Какой-нибудь философ, в комфортабельном окружении своих книг, естественно, судит об этом по-иному, чем священник, вдобавок священник сельский. Полагаю, немного найдется духовников, которыми не овладевало бы с годами ощущение тягостного однообразия исповедей, своего рода головокружение. И не столько даже от того, что они слышат, сколько от того, о чем догадываются, от того, что скрыто за скупыми словами, всегда одними и теми же, угнетающе скудоумными, если их читаешь, но кишащими, как зловонные могильные черви, когда эти слова тебе нашептывают в тиши и мраке исповедальни. Поэтому-то нас и преследует образ гноящейся раны, из которой сочится самая субстанция жалкого рода человеческого. Какие великие дела мог бы творить мозг человека, не отложи в нем свою личинку эта ядовитая муха.
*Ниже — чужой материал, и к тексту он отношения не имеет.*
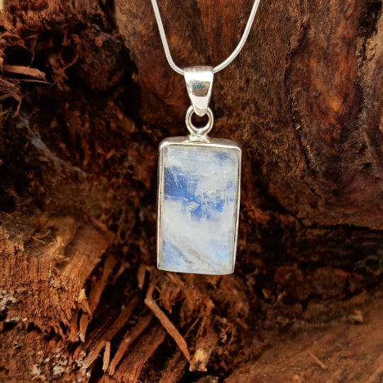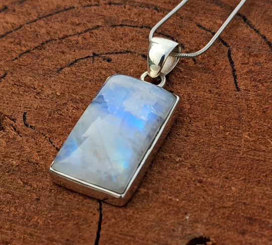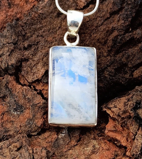 Natural Rainbow Moonstone Gemstone Silver Pendant, 925 Sterling Silver Gemstone Pendant, Baguette Shape Silver Pendant, 29x14x7mm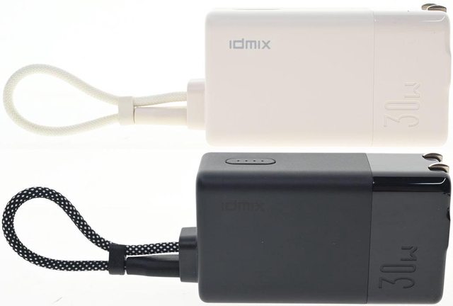 ▼米白版(左)與黑色版(右)IDMIX MR CHARGER CH10 Chill豆腐 30W雙模行動電源直出線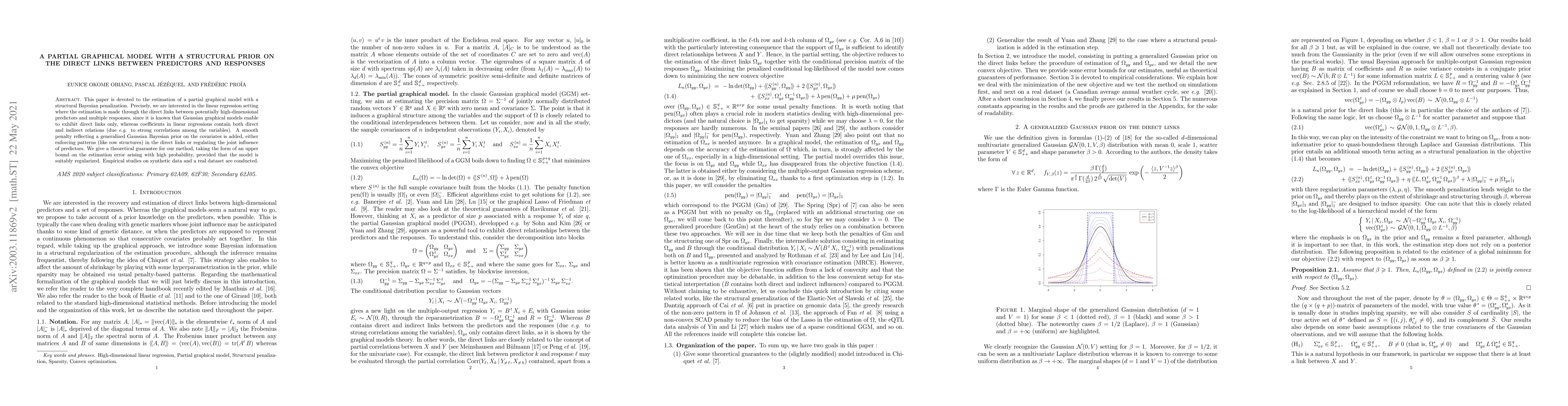This paper is devoted to the estimation of a partial graphical model with a structural Bayesian penalization. Precisely, we are interested in the linear regression setting where the estimation is made through the direct links between potentially high-dimensional predictors and multiple responses, since it is known that Gaussian graphical models enable to exhibit direct links only, whereas coefficients in linear regressions contain both direct and indirect relations (due \textit{e.g.} to strong correlations among the variables). A smooth penalty reflecting a generalized Gaussian Bayesian prior on the covariates is added, either enforcing patterns (like row structures) in the direct links or regulating the joint influence of predictors. We give a theoretical guarantee for our method, taking the form of an upper bound on the estimation error arising with high probability, provided that the model is suitably regularized. Empirical studies on synthetic data and a real dataset are conducted.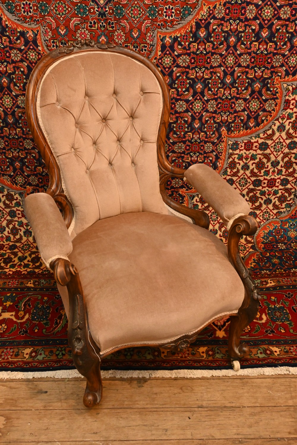A VICTORIAN GENTS CHAIR (A/F) X 69W X 67D CM) (LEONARD JOEL DELIVERY SIZE: LARGE)

Нас, священников, обвиняют, нас всегда будут обвинять - это ведь так легко! - в том, что мы в глубине души питаем завистливую, ханжескую ненависть к мужской силе; однако всякому, хоть немного соприкоснувшемуся с грехом, ясно, что похоть непрерывно угрожает заглушить своими плевелами и плодовитой паразитической мерзостью и мужскую силу, и ум. Неспособная к созиданию, она оскверняет в самом зародыше хрупкий росток человечности; в ней, возможно, сокрыто начало всех изъянов нашего рода, и когда где-нибудь на извилистой тропинке дикого леса, глубины которого нам неведомы, мы сталкиваемся с нею лицом к лицу, когда застигаем ее в неприкрытом виде, такой, какой она вышла из рук искусителя, крик, вырывающийся из нашей утробы, это не просто вопль ужаса, но и проклятье: "Ты, только ты спустила с цепи смерть!"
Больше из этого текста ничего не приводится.